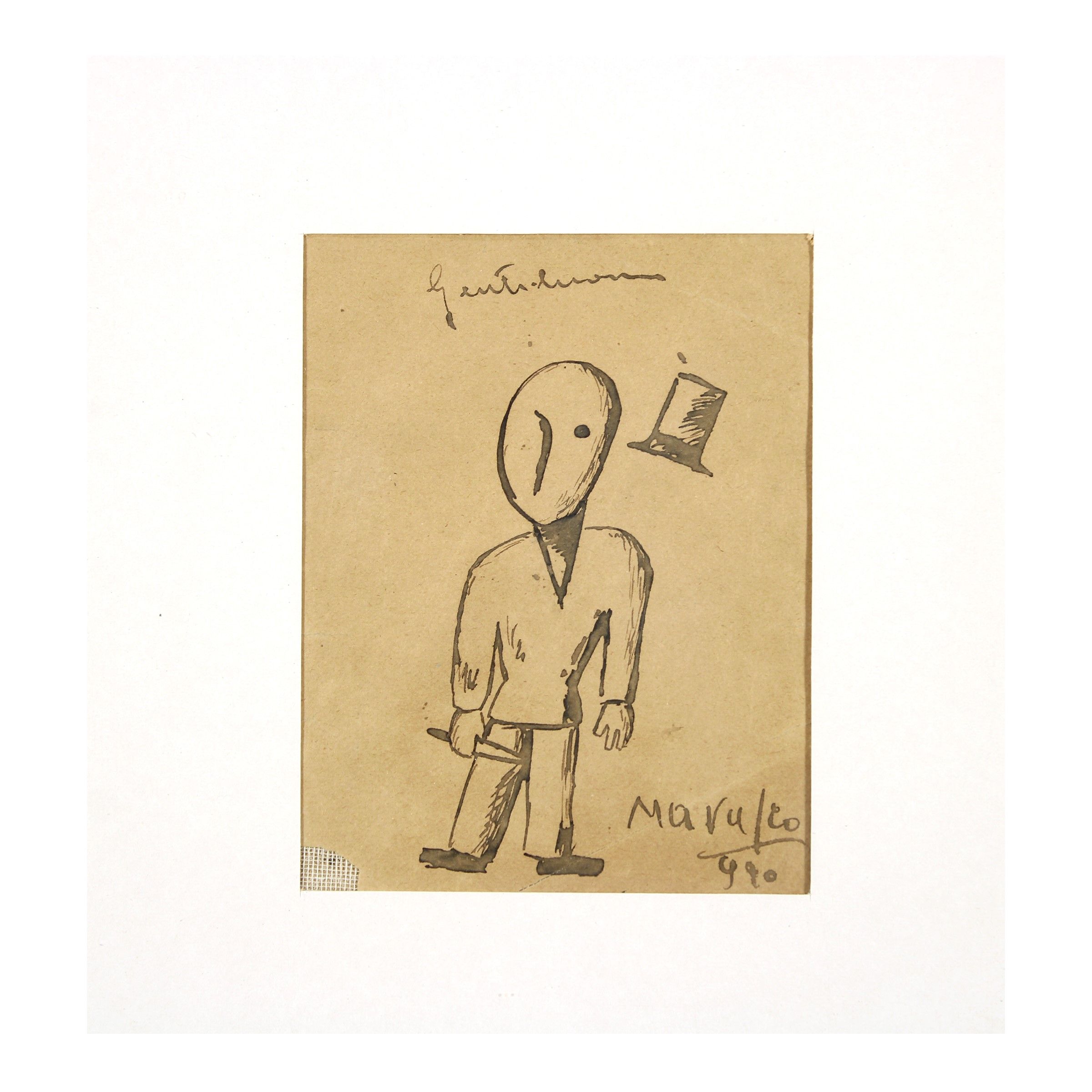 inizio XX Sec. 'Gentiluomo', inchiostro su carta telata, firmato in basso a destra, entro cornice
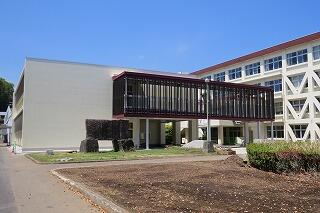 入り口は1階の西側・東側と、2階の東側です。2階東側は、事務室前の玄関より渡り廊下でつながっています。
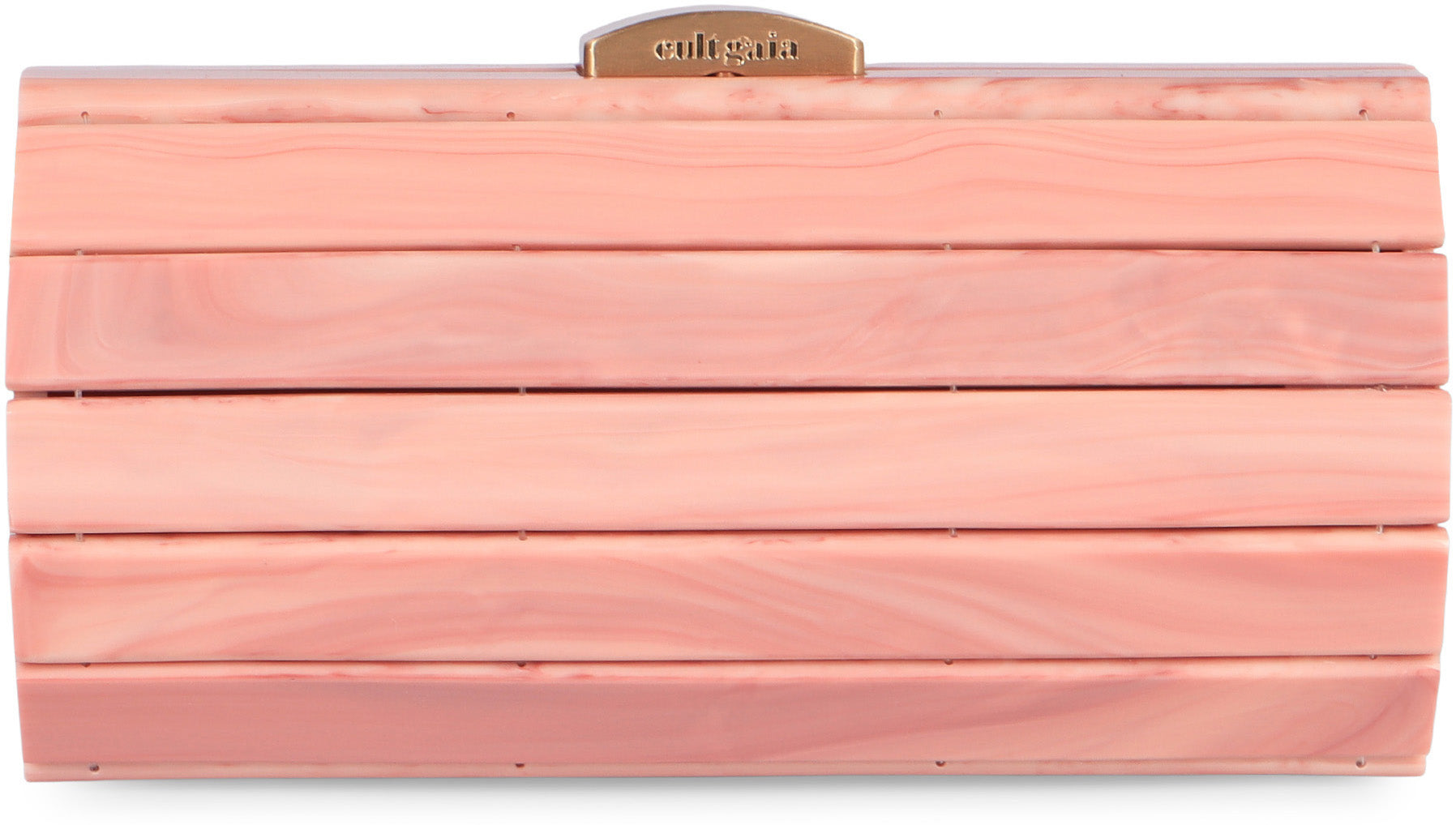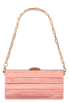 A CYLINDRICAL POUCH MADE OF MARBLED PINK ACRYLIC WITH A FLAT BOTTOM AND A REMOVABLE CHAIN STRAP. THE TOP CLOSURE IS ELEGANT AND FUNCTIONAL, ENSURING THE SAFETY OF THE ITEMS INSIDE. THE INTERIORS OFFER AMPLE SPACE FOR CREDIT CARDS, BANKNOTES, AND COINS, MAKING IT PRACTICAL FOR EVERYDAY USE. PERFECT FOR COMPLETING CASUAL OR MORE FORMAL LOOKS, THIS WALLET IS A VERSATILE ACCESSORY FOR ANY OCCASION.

==

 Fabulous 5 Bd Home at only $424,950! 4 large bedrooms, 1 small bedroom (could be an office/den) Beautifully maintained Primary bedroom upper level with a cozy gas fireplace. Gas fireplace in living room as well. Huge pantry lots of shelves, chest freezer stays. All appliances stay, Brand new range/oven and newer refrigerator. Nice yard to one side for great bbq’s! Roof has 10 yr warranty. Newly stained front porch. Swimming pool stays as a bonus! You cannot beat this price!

* [Task prompt]: From the listing above, restate verbatim the lines running from the one with "inizio XX Sec." through the one with "A CYLINDRICAL POUCH", inclusive, but not the pictures.

* [Task solution]:
 inizio XX Sec. 'Gentiluomo', inchiostro su carta telata, firmato in basso a destra, entro cornice
 入り口は1階の西側・東側と、2階の東側です。2階東側は、事務室前の玄関より渡り廊下でつながっています。
 A CYLINDRICAL POUCH MADE OF MARBLED PINK ACRYLIC WITH A FLAT BOTTOM AND A REMOVABLE CHAIN STRAP. THE TOP CLOSURE IS ELEGANT AND FUNCTIONAL, ENSURING THE SAFETY OF THE ITEMS INSIDE. THE INTERIORS OFFER AMPLE SPACE FOR CREDIT CARDS, BANKNOTES, AND COINS, MAKING IT PRACTICAL FOR EVERYDAY USE. PERFECT FOR COMPLETING CASUAL OR MORE FORMAL LOOKS, THIS WALLET IS A VERSATILE ACCESSORY FOR ANY OCCASION.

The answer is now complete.